Armas-Padilla, MC, Armas-Hernández, MJ, Hernández-Hernández, R, Velasco, M, Pacheco, B, Carvajal, AR, Castillo-Moreno, A
Journal of human hypertension. 2000;:S91-5
Abstract
With the aim of evaluating the effects on blood pressure, platelet function and insulin sensitivity of the dihydropiridines lacidipine and nifedipine GITS, a parallel double-blind study was carried out in a group of 20 patients with mild to moderate essential hypertension. They received a placebo for 4 weeks; then were divided at random into two groups of 10 patients each. Nifedipine GITS, 30 mg and lacidipine, 4 mg, were given during 16 weeks of active treatment. Blood pressure and heart rate were measured at the clinic in supine, sitting and standing positions, 24 +/- 1 h after the last dose.
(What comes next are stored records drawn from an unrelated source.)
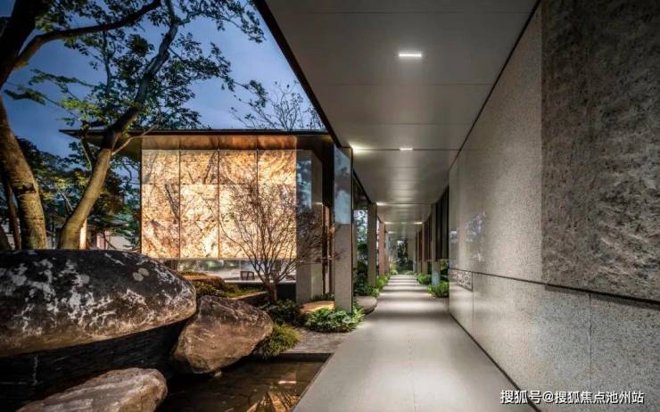 北区配备约3000㎡酒店式会所花园,地下会所承载艺术展示与社交功能;南区通过自然山水的礼序山石园林步入约1500㎡地上泛会所花园区。设计汲取古代文人雅士隐逸山林的空间意象,融入山、泉、林、台、石等元素,巧妙结合书院文化内涵与自然意境,营造富有东方哲思的景观体验。
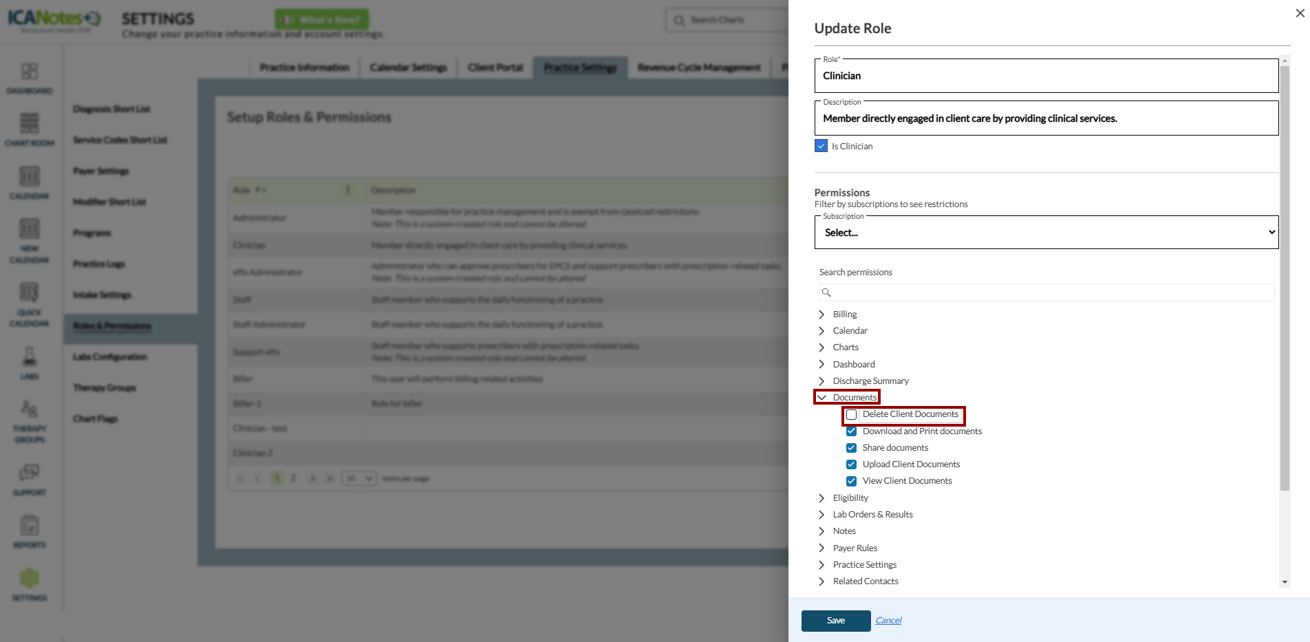Navigate to Chart Room > Documents tab and click the three dots on the far right side to access the Delete option.
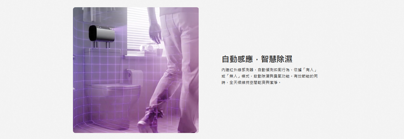 內建紅外線感測器,自動偵測如廁行為,依據「有人」或「無人」模式,啟動除濕與臭氧功能。

After the placebo and active phases were carried out, a platelet aggregation test was performed to determine platelet malondialdehyde production and a tolerance to 100 g of glucose by measuring glucaemia and plasma insulin. Both drugs reduced systolic and diastolic blood pressure at the same level, however there were observable differences in the rate of reduction. The nifedipine GITS reduced supine systolic blood pressure by 25 mm Hg in the first week, while the lacidipine did so by 11 mm Hg. At the end of the study period nifedipine reduced supine systolic blood pressure by 28 mm Hg and lacidipine by 20 mm Hg. Heart rate was increased slightly but significantly in the nifedipine GITS group only in the standing position. Both drugs reduced platelet aggregation ex vivo only marginally but they modified the malondialdehyde production, indicating an action on the arachidonic acid metabolic pathway.